I can think of only one solo man on my group trips.  One 60-ish guy was with his 30-ish son, one guy on the Central America cruise was with his 80-something mother (a wonderful, dynamic lady) and was heading afterwards ti Switzerland where his GF was working, one was divorced and with his 11-year old daughter.  The only solo male traveler I can remember was on an Alaska cruise- his wife just didn't enjoy travel so she cheerfully stayed home.  He blended in well.  I don't think you should let that stop you unless you're headed for some romantic all-inclusive resort targeted to honeymooners.

Hello Athena - kids and I (23 and 19 now) had vacations every year since my wife passed except last year.  Now son is with GF so they're not interested I'm sure (though honestly she probably would be) and daughter goes from one second with "I'm not going on a vacation with my 50 year old father" to "we need to go somewhere nice, because...we don't get to go anywhere" blah blah blah.  So it's either YES or NO - depending on how she feels.  Meh...so will see.

I honestly enjoy traveling with people with whom I can share the experience with - even if it's sitting on a beach (which I love) - you know?

The first time I cruised solo I wasn’t sure if it was a good idea, but it was.

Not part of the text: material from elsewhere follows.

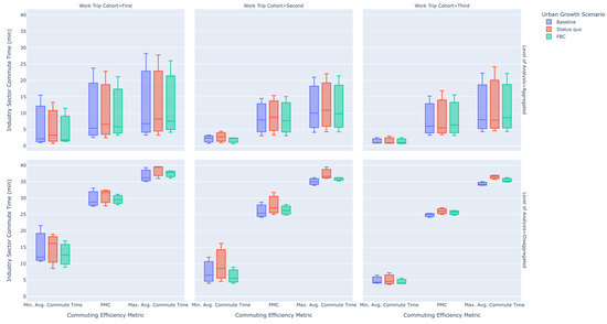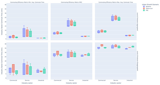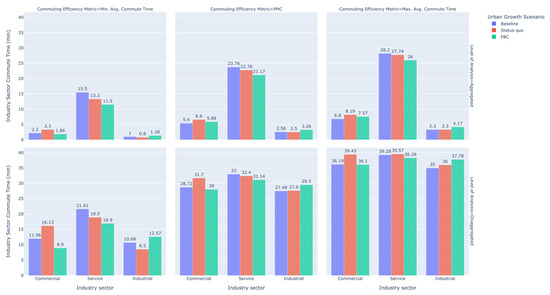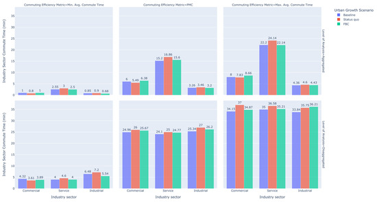 Disaggregated commuting efficiency metrics delineated across three categories of journey-to-work trips, segmented along industry sectors, across three development scenarios (metrics are measured in minutes).

I have met quite a few solo cruisers. When I cruise I join into activities that I enjoy, especially trivia. It is a good way to meet new people. I have all my meals in the dining room and I also ask to sit with others. The one thing I don’t like is that the cruise lines charge a single supplement which usually is 100%. I don’ t think there is any difference if you are a widow or widower. I have found people including couples to be very friendly.

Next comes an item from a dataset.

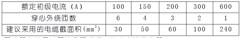 3、初級電流為100A~600A時,初級繞組穿心匝數(shù)和導(dǎo)線截面積按下表選擇:

BObbysgirl you are far far far braver than me - and I truly admire (and am a bit jealous of) people who can do what you do!

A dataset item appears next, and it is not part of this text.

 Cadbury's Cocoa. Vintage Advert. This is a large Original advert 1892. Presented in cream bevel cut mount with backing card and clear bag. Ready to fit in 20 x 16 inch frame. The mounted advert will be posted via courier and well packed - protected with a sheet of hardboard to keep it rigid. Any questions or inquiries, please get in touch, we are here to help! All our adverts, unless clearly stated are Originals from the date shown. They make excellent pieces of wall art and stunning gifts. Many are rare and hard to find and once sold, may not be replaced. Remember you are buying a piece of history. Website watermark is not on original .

I went on a cruise my first time last year.   I'm in my 50s.   I went by myself.    It was pretty awkward, though. as cruises are designed for couples and families.   I liked the overall experience however.    I did the Long Beach-Catalina-Ensenada cruise.    Even the Customs guy said "you went on a cruise by yourself?"  to me after I left the boat.   Originally it was going to be a date with another widow that I met here, but she backed out at the last minute.   It was sort of a non-relationship relationship i got into that I regret and have written about here before.    

I run the local Soaring Spirits meetup group and the lady I run it with are talking about an Alaska cruise as one of our activities next year.     I don't think it will be as awkward, being with other widows and widowers.     We will see what happens and I will let you know how it goes.

Lupe’s husband. There are cruise sites that have “roll calls”, where people going on the same cruise meet online. AOL has Cruise Critic which has good information about cruising. I have used this site for over 20 years. Bob and I met many people on this site and have shared information about travel. A lot of roll calls arrange a get together on the ship. I personally do not limit my contacts with only solo cruisers. Alaska is a wonderful place to visit. Peace to all.